Finally, there is a myriad of various projects documented in the literature testing the possibilities of semantic web technology. Tonkin & Strelnikov (2009) discuss the JISC metadata registry mentioned above and Heery & Wagner (2002), the DCMI metadata registry. Hildebrand et al. (2009), Angjeli et al. (2009) and Guzmán Luna, Torres Pardo & López García (2006) each discuss projects to develop or use specific thesauri. Talantikite, Aissani & Boudjlida (2008), Arch-int & Sophatsathit (2003) and Uddin & Janecek (2007) all discuss the general use of ontologies. Chavarriaga & Macias (2009) look at modeling a semantic web-based interface. Damiani & Fugazza (2007) discuss the management of intellectual property rights using semantic web technologies.

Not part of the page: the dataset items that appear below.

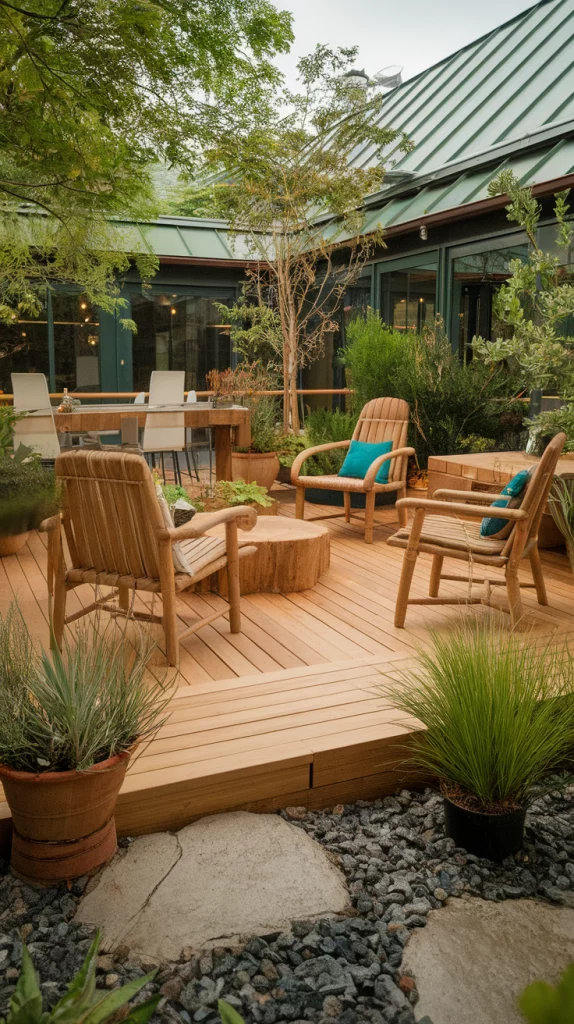For those seeking sustainable decking options, composite decking made from recycled materials, bamboo decking, or reclaimed wood are excellent choices. Solar-powered lighting, rainwater collection systems, and native plants help reduce the environmental footprint. Choose non-toxic finishes and permeable decking to enhance sustainability.
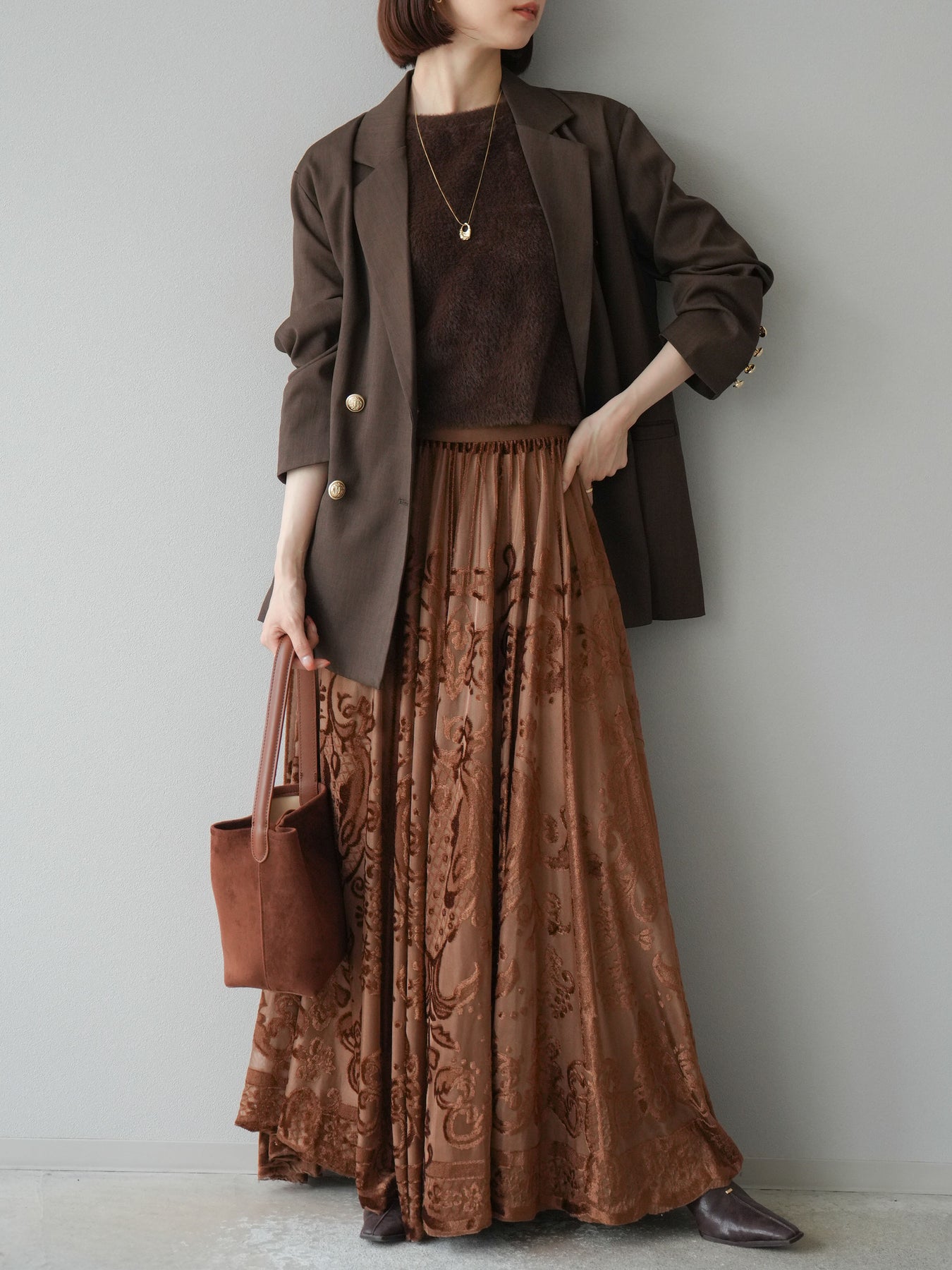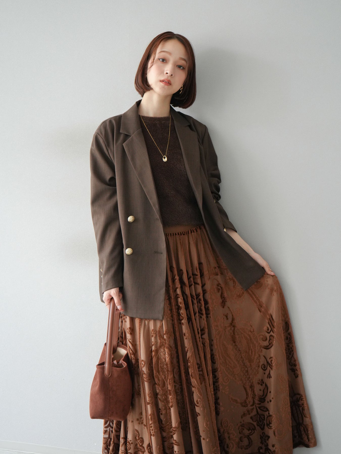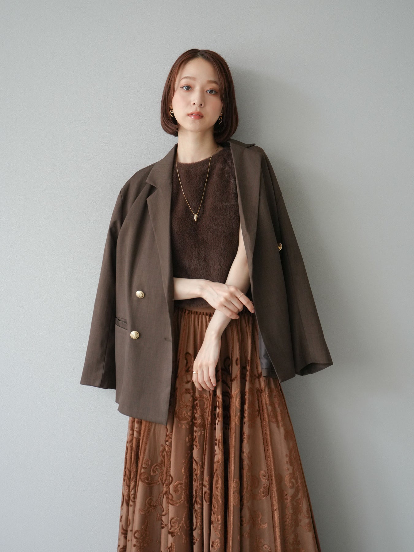 [予約]ゴールドボタンツイルダブルテーラードジャケット/ブラウン
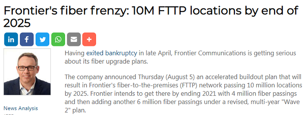 Frontier的光纖狂潮:2025年底FTTP站點(diǎn)達(dá)1000萬(wàn)個(gè)
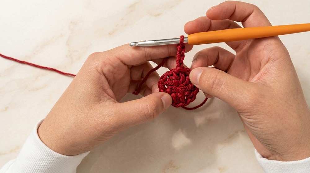 - Close magic ring tightly by pulling the inner and outer loops as shown in the video.
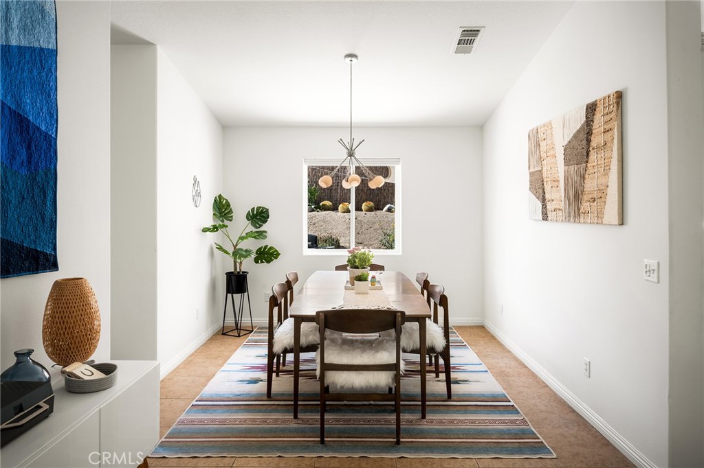 Set against sweeping mountain views in one of the area’s greenest and most established neighborhoods, this beautifully maintained 3-bedroom, 2-bath home with bonus room sits on a prime half-acre corner lot in desirable Country Club Estates. A mature, tree-lined front yard with lush desert landscaping creates exceptional curb appeal and a welcoming arrival. No HOA. Newly paved streets, connected to public sewer and natural gas, school bus stop, and a short walk to the area’s only golf course and popular café, The Roost. Conveniently and centrally located just a short drive to Joshua Tree, Pioneertown, and Palm Springs. The open-concept layout features high ceilings and abundant natural light, with mountain views visible from most rooms. Modern fixtures, ceiling fans throughout, custom blinds and curtains, and stylish flooring create a comfortable and inviting interior. The large primary suite offers a spacious bathroom with dual vanities, extra large soaking tub, walk-in shower, and a generous walk-in closet. TVs are included in all bedrooms. The fully fenced backyard is designed for entertaining and relaxation, featuring a custom patio with built-in gas fireplace and seating, raised lookout deck with outdoor queen bed, 4-person hot tub, oversized cowboy tub, shaded dining area, BBQ, and beautifully landscaped desert grounds. Additional features include a fully equipped kitchen with modern appliances, electric fireplace, laundry room with newer washer/dryer, attached two-car garage, and rare concrete roof. Offered fully furnished except for select staging items; buyers to request exclusions list. Property is move-in ready and perfectly suited as a full-time residence or an effortless desert getaway.
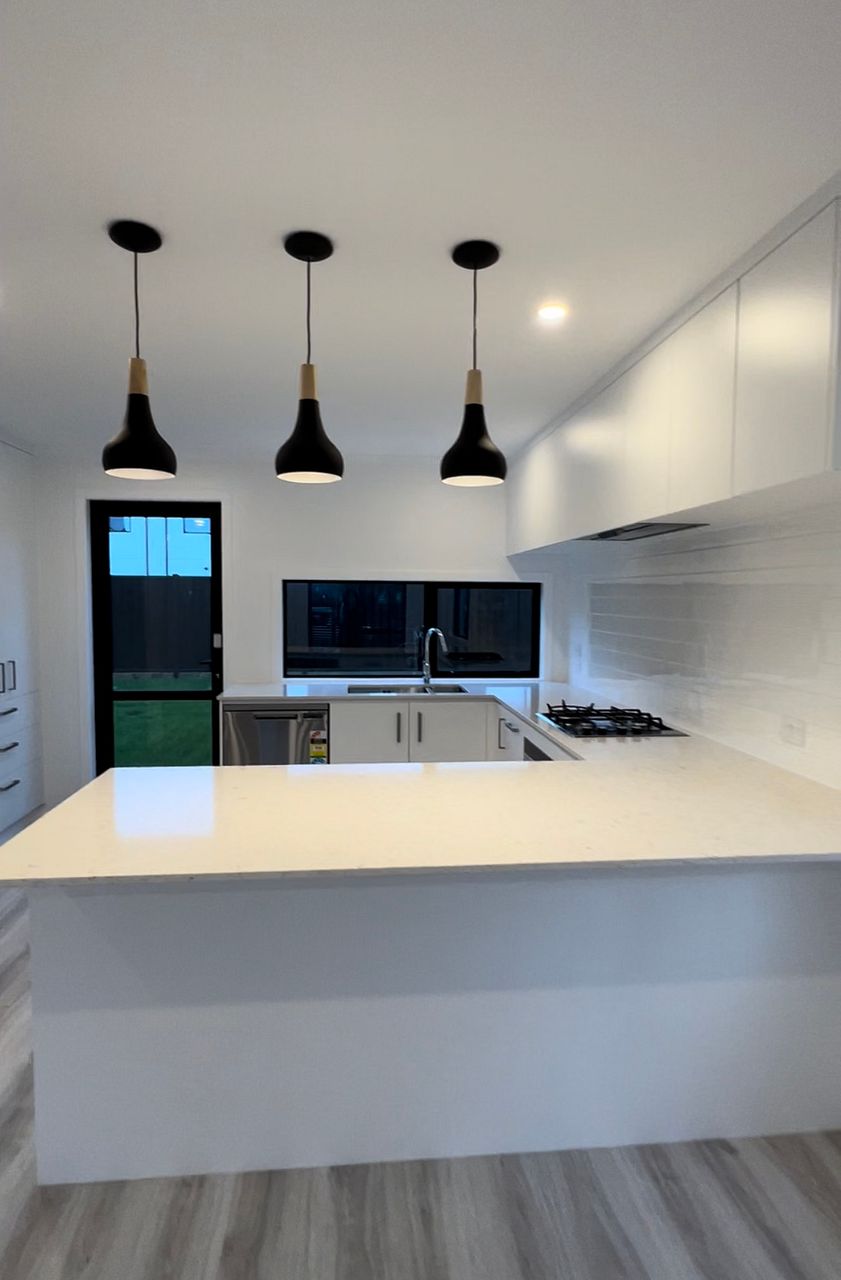 Ground level offers spacious open plan living with modern designer kitchen feature quality appliances, engineered bench top, kitchen furniture with built in microwave, oven and gas burner. The spacious single garage has internal access and includes the built-in laundry and extra WC.

Implementation and Use of the Technology

RDF is not used in web pages directly. It is simply a vocabulary that describes the relationship between two things. Just as data can be coded into XML and displayed by a program that reads XML, it can be coded into RDF and read by RDF-compatible software. RDF, however, cannot be read by standard web browsers at this time. Instead the web pages are marked up by some other method and used by a separate software program that can extract that information and translate it into RDF. Similar to the method used by OAIster, the metadata in the web page is harvested and stored by a separate tool. Currently, there are two basic methods for marking up data semantically in a web page.

The first, most basic, method is to use the existing meta tags available in the X/HTML header to directly code values for one or more descriptive metadata vocabularies, like Dublin Core. The second method is to extend existing X/HTML coding in the web page body using semantic tag attributes defined by one or more profiles, such as eRDF, RDFa or Microformats, to hold the metadata vocabularies. The choice of which method to use depends on the resource being described and for what purpose. Does a metadata harvester, for example, expect to find the information in meta tags or does it look for a link to a profile that defines the elements used in the body of the page?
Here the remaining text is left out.